◆ PROBLEM
What is needed is the exact text of each line in the listing below from the one with "[경기핫타임뉴스=김형철 기자] 여주시" up to and including the one with "近日,山东省教育厅公布202", and no pictures.

◆ MATERIAL FOR THE TASK
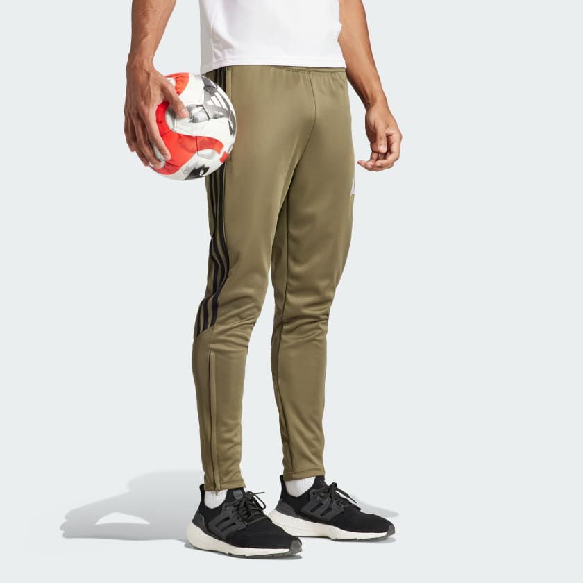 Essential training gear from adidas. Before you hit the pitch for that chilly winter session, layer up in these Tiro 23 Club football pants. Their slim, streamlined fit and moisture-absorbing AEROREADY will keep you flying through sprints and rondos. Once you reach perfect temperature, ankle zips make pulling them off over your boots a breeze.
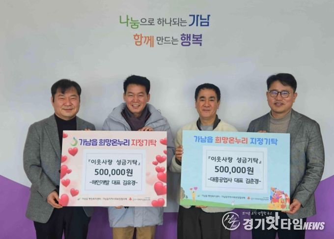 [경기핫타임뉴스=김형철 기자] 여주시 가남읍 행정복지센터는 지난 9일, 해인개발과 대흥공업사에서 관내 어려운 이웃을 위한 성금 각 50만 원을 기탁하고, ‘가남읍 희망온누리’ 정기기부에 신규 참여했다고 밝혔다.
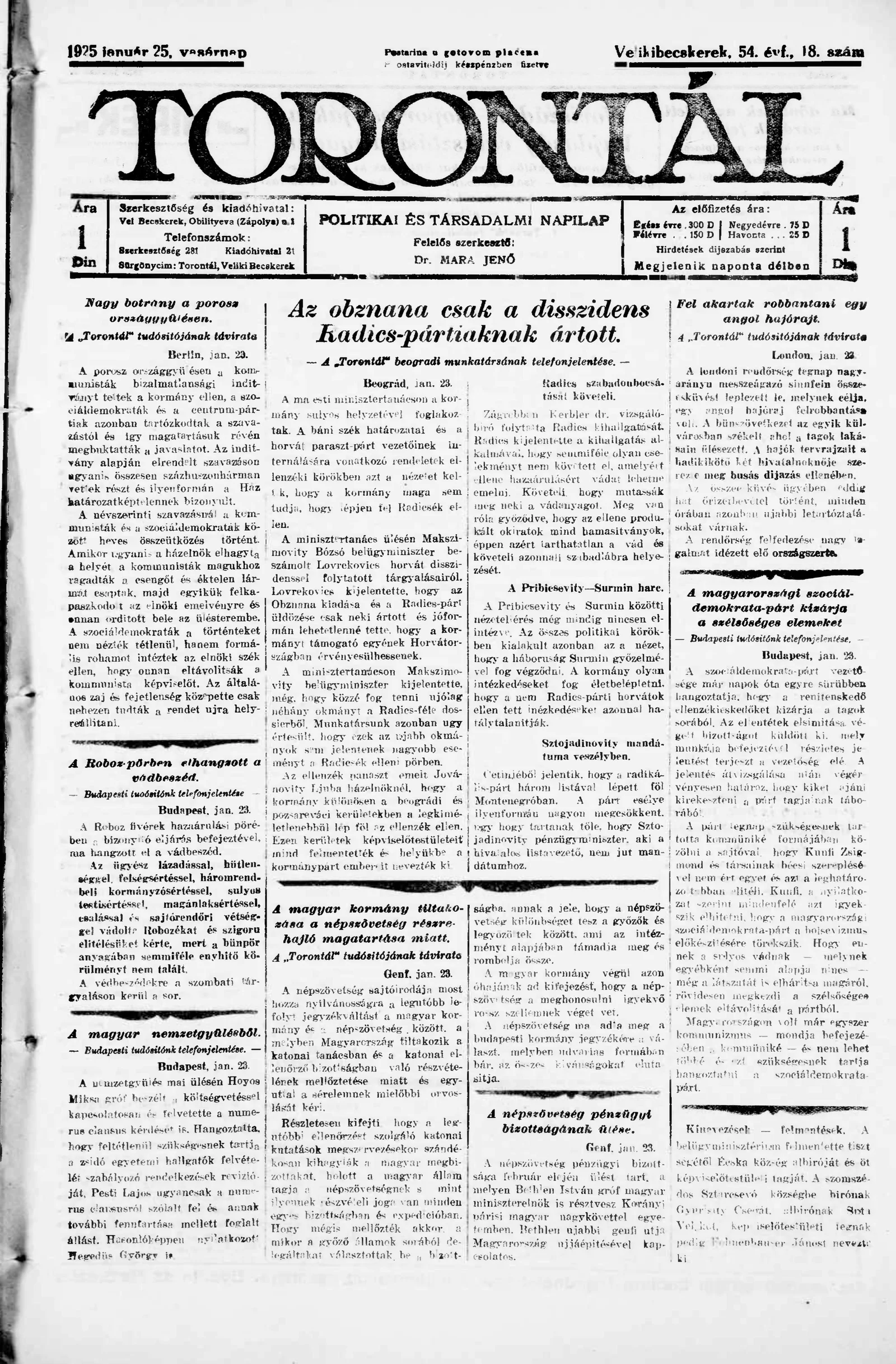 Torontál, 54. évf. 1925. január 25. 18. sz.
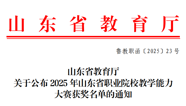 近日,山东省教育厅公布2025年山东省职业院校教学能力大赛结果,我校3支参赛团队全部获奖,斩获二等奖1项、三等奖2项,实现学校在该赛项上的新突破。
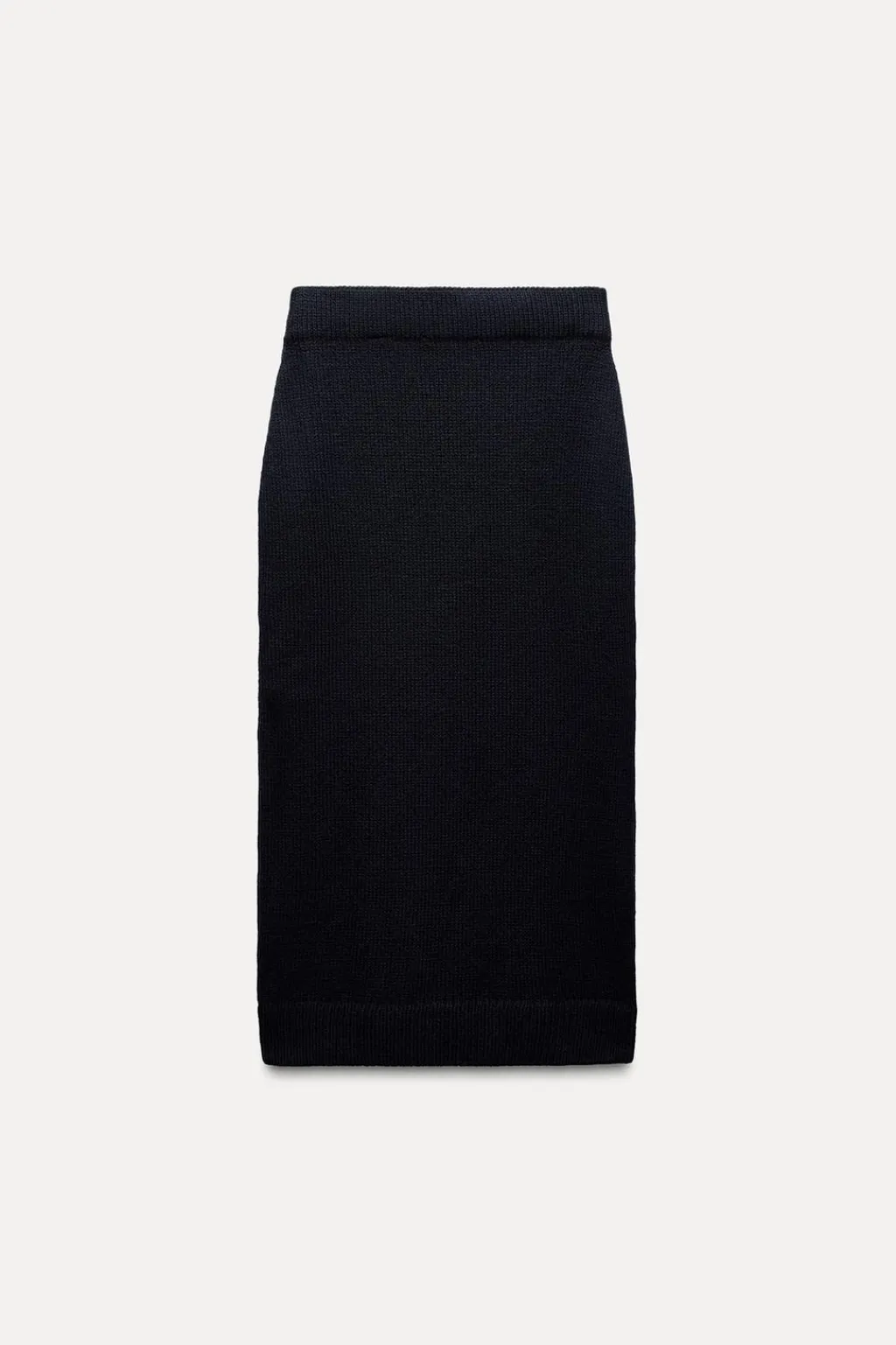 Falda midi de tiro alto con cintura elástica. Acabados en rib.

◆ ANSWER TO THIS PROBLEM
 [경기핫타임뉴스=김형철 기자] 여주시 가남읍 행정복지센터는 지난 9일, 해인개발과 대흥공업사에서 관내 어려운 이웃을 위한 성금 각 50만 원을 기탁하고, ‘가남읍 희망온누리’ 정기기부에 신규 참여했다고 밝혔다.
 Torontál, 54. évf. 1925. január 25. 18. sz.
 近日,山东省教育厅公布2025年山东省职业院校教学能力大赛结果,我校3支参赛团队全部获奖,斩获二等奖1项、三等奖2项,实现学校在该赛项上的新突破。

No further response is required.